Layer2.finance stands for DeFi portal entrance market, although DeFi portal platforms like instadapp that focus on user-friendly operations can attract some new users to use, but because providing such a solution in layer1 actually increases the cost of gas consumption additionally, in new users are likely to be lost from the platform. For layer2.finance, however, users not only have no additional costs, but also continue to enjoy the benefits of low fees and easy “one-click operation” for different protocols and strategies. If the DeFi protocol on layer2.finance can be rapidly iterated as the community grows, it has the potential to serve as a high-retention portal to the DeFi world and to build up further network effects and positive feedback.
IOSG is optimistic that the Layer2 track will continue to iterate in the future with innovative solutions like Layer2.finance, which does not create liquidity fragmentation, does not require redevelopment or redeployment on Layer2, and can be additionally adapted to scenarios such as extremely concurrent aggregated transactions in the future through ZK-Rollup integration. However, its current limitations also remain and are expected to be addressed in the near future (perhaps in the next release), such as
Users need to suffer some waiting time
The number of existing policies is limited and needs to be increased
The APY of the current strategy is still relatively low compared to other protocols
Comparison of Layer2.finance and DeFi L2 migration approaches
Overall, layer2.finance introduces a brilliant idea to solve Ethereum’s Gas cost problem and bring more users into the DeFi world. Although the first version still has limitations, we still see a clear and viable roadmap and we will keep an eye on layer2.finance’s development.

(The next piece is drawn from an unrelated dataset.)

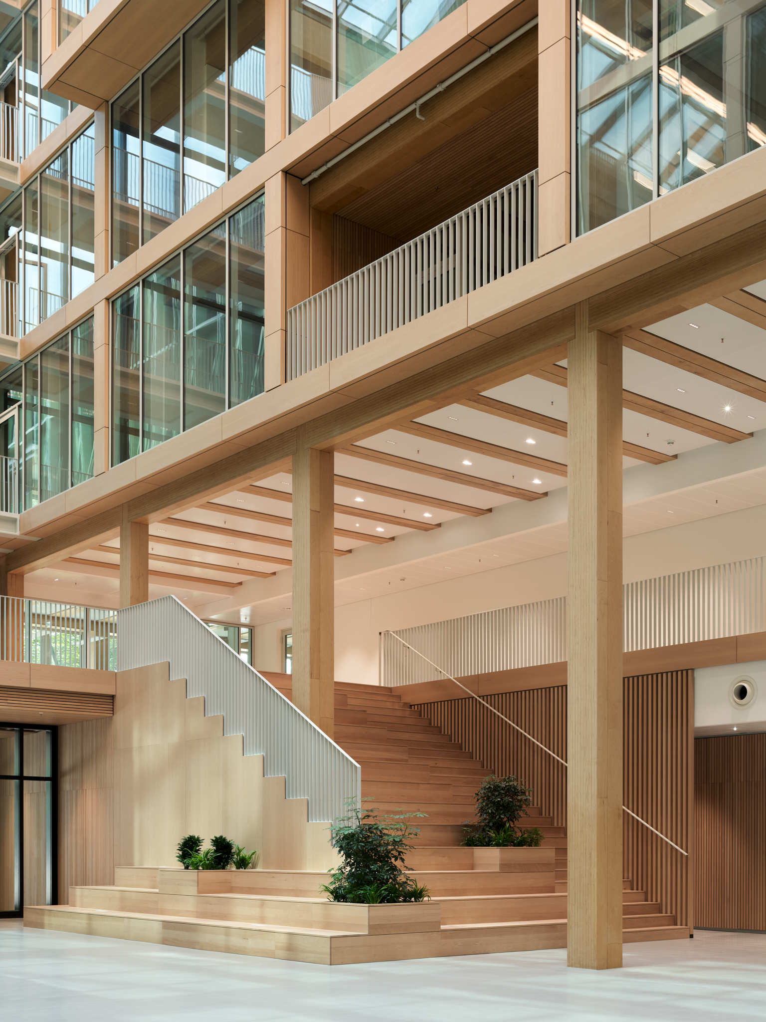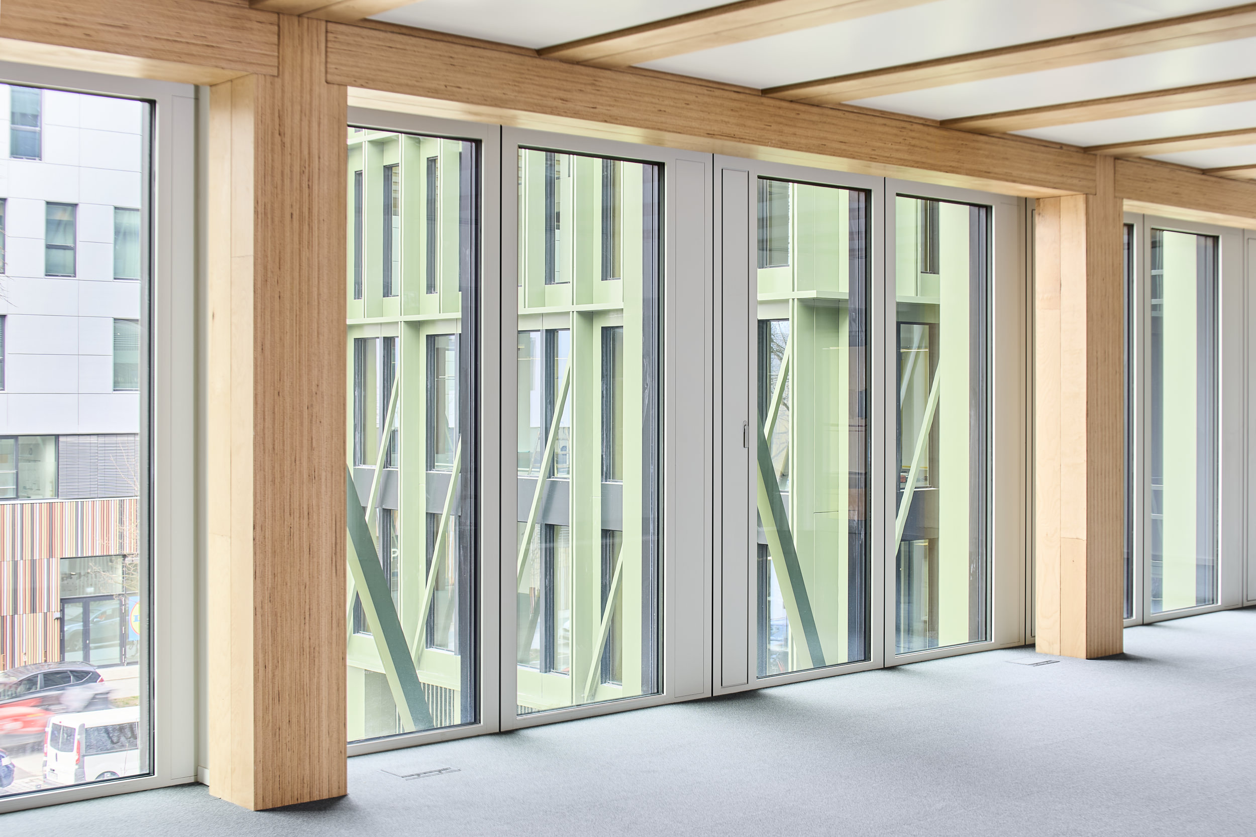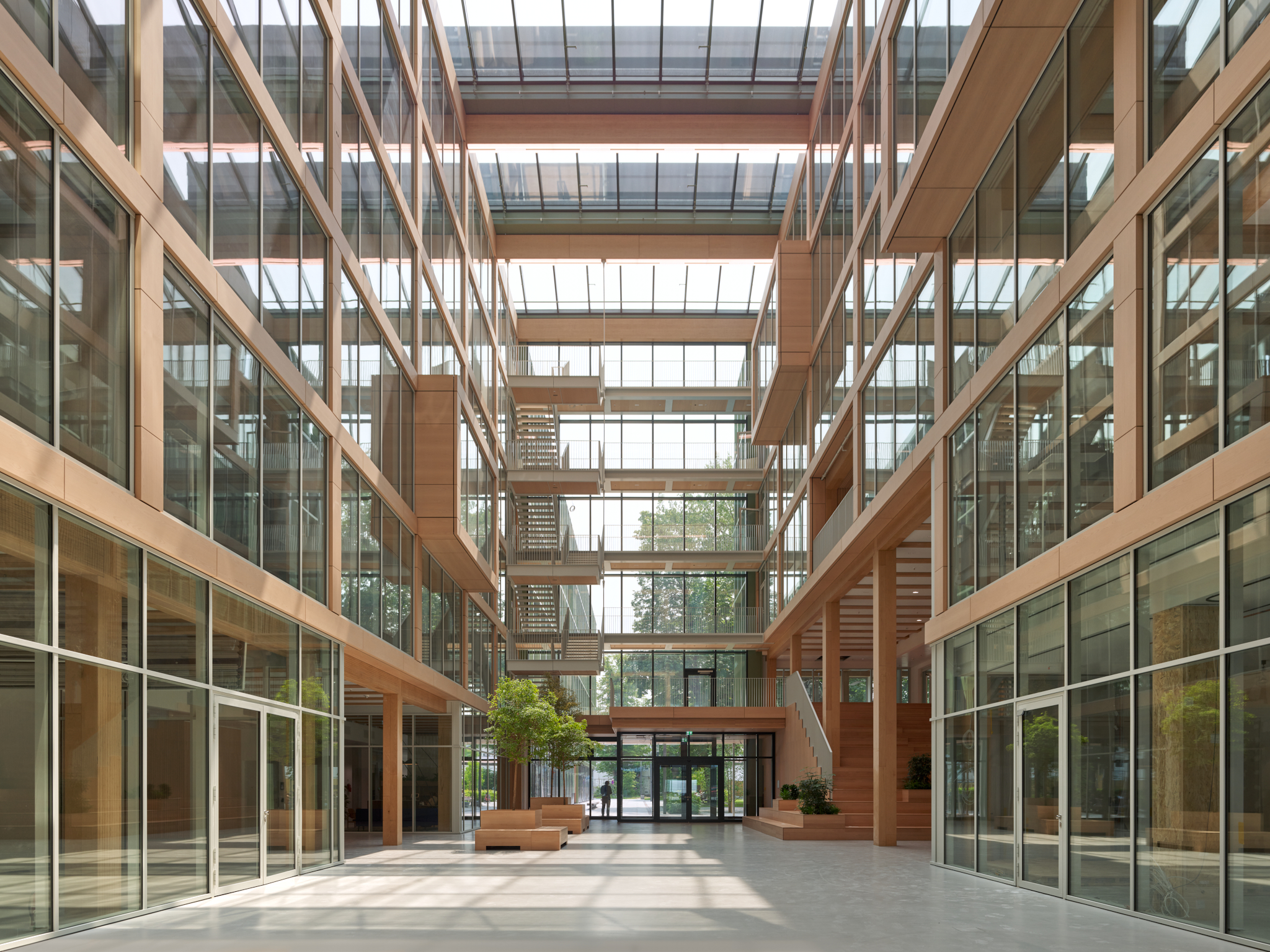 La largeur intérieure séparant ces deux ailes de 19 m de large environ est de 11 m. Avec le bloc transversal de 12 m de large, les ailes entourent, selon la longueur de l’aile courte, l’espace intérieur en U qui sert d’atrium. Chaque aile du bâtiment est accessible, côté longitudinal, par un bloc transversal central en béton armé qui abrite les escaliers et les ascenseurs mais aussi des sanitaires et d’autres salons et salles de réunion. Des couloirs mènent aux bureaux disposés des deux côtés, dont il est possible de diviser les surfaces de manière flexible, de sorte que chaque étage peut être divisé en un à six espaces locatifs. À l’intérieur des étages, les zones peuvent être agencées en bureaux individuels et collectifs, ou en espaces de communication. La structure à ossature en bois composée de poteaux et de poutres en BauBuche très porteurs a permis de créer la structure de bureaux ouverte souhaitée sur la base d’une trame de construction de 5,40 m dans le sens transversal du bâtiment et le sens longitudinal des bureaux.

We are also optimistic about StarkWare’s performance and development in the layer2 track. StarkWare’s self-developed ZK-STARK zero-knowledge proof protocol is an upgrade to SNARK, which aims to provide “zero-knowledge, simple, transparent, obvious and secure” cryptographic proofs. Technically, zk-STARK does not require an initial trusted setup, as they rely on a conflict-resistant hash function. This approach also eliminates the assumption that zk-SNAR itself is computationally expensive and vulnerable to attacks by quantum computers. In addition, StarkWare also has the Validium mode, in which the data is stored under the chain, thus improving efficiency and making it more suitable for high-frequency scenarios.
In conclusion, whether it is layer2.finance or StarkWare, privacy and scaling protocols have great potential in the cryptocurrency world and could be a groundbreaking path to mainstream adoption, a track we will keep an eye on and be enthusiastic about.